Suspending activated carbon in an aqueous liquid to obtain an activated carbon suspension;
Heating the activated carbon suspension at 100 ° C. or higher for 20 minutes or more;
A step of stirring and cooling the activated carbon suspension after the heating, and a pretreatment step of the activated carbon,
A method for purifying hyaluronic acid and / or a salt thereof, comprising a step of contacting a hyaluronic acid solution containing hyaluronic acid and / or a salt thereof and impurities with an activated carbon suspension after stirring and cooling. Suspending activated carbon in an aqueous liquid to obtain an activated carbon suspension;
Heating the activated carbon suspension at 100 ° C. or higher for 20 minutes or more;
Comprising the pre-process and process of including activated carbon to stir cooled activated carbon suspension after the heating, the production method of the hyaluronic acid and / or purification agent salt thereof containing activated carbon. Suspending activated carbon in an aqueous liquid to obtain an activated carbon suspension;
Heating the activated carbon suspension at 100 ° C. or higher for 20 minutes or more;
A pretreatment method of activated carbon for use in purification of hyaluronic acid and / or a salt thereof, comprising a step of stirring and cooling the activated carbon suspension after the heating.   The method according to any one of claims 1 to 3, wherein in the stirring and cooling step, a cooling completion temperature is 60 ° C or lower.   The method according to any one of claims 1 to 4, wherein in the step of stirring and cooling, stirring and cooling are performed at a temperature of 10 to 60 ° C for 1 hour or longer.   The method according to claim 1, wherein at least one of the steps is performed in a clean environment.
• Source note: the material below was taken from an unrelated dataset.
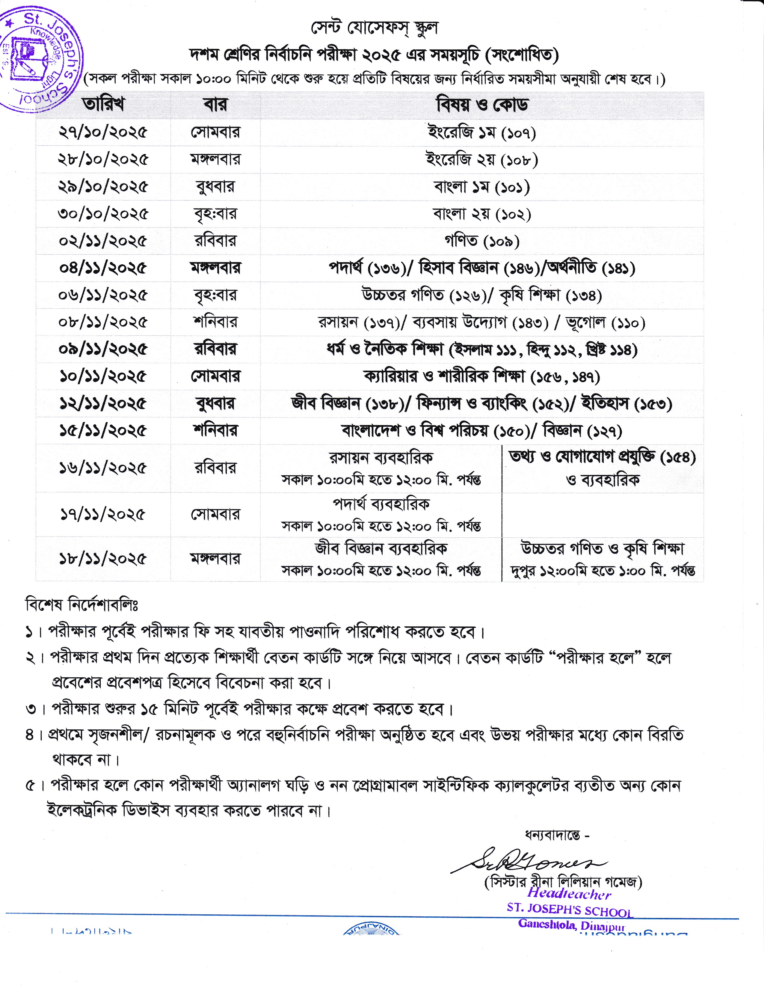দশম শ্রেণির নির্বাচনি পরীক্ষা ২০২৫ এর সময়সূচি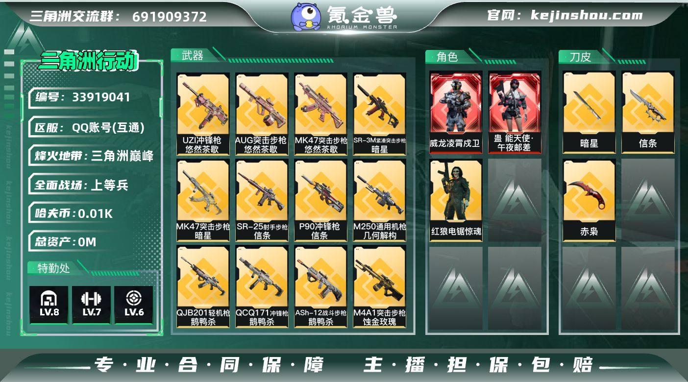 实名: 可修改 烽火地带段位: 三角洲巅峰 全面战场段位: 上等兵 总资产: 182 哈夫币: 11 干员外观: 蛊-能天使·午夜邮差,红狼-电锯惊魂,威龙-凌霄戍卫 传说武器皮肤: 近战-赤枭,M4A1突击步枪-蚀金玫瑰,M4A1突击步枪-阿米娅,M250通用机枪-骑士之心,M7战斗步枪-棱镜攻势S2(典藏),R93狙击步枪-维什戴尔,SCAR-H战斗步枪-启航,ASh-12战斗步枪-鹅鸭杀,QCQ171冲锋枪-鹅鸭杀,QJB201轻机枪-鹅鸭杀,M250通用机枪-几何解构,KC17突击步枪-电锯惊魂,近战-信条,P90冲锋枪-信条,SR-25射手步枪-信条,SG552突击步枪-运动员,SKS射手步枪-骑士,近战-暗星,MK47突击步枪-暗星,SR-3M紧凑突击步枪-暗星,M14射手步枪-蛮荒,K416突击步枪-行动记录,腾龙突击步枪-马年祥瑞,G18-马年祥瑞,.357左轮-缄花,SR-25射手步枪-缄花,M14射手步枪-缄花,MK47突击步枪-悠然茶歇,AUG突击步枪-悠然茶歇,UZI冲锋枪-悠然茶歇 亮点: 【优质装备】:近战-赤枭

The method according to any one of claims 1 to 6, wherein the hyaluronic acid and / or a salt thereof is produced by a fermentation method. The method according to any one of claims 1 to 7, wherein the hyaluronic acid and / or a salt thereof has a molecular weight of 3.5 to 7 million Da. Suspending activated carbon in an aqueous liquid to obtain an activated carbon suspension;
Heating the activated carbon suspension at 100 ° C. or higher for 20 minutes or more;
A purification agent for hyaluronic acid and / or a salt thereof, comprising activated carbon produced by a method comprising a step of stirring and cooling the activated carbon suspension after the heating.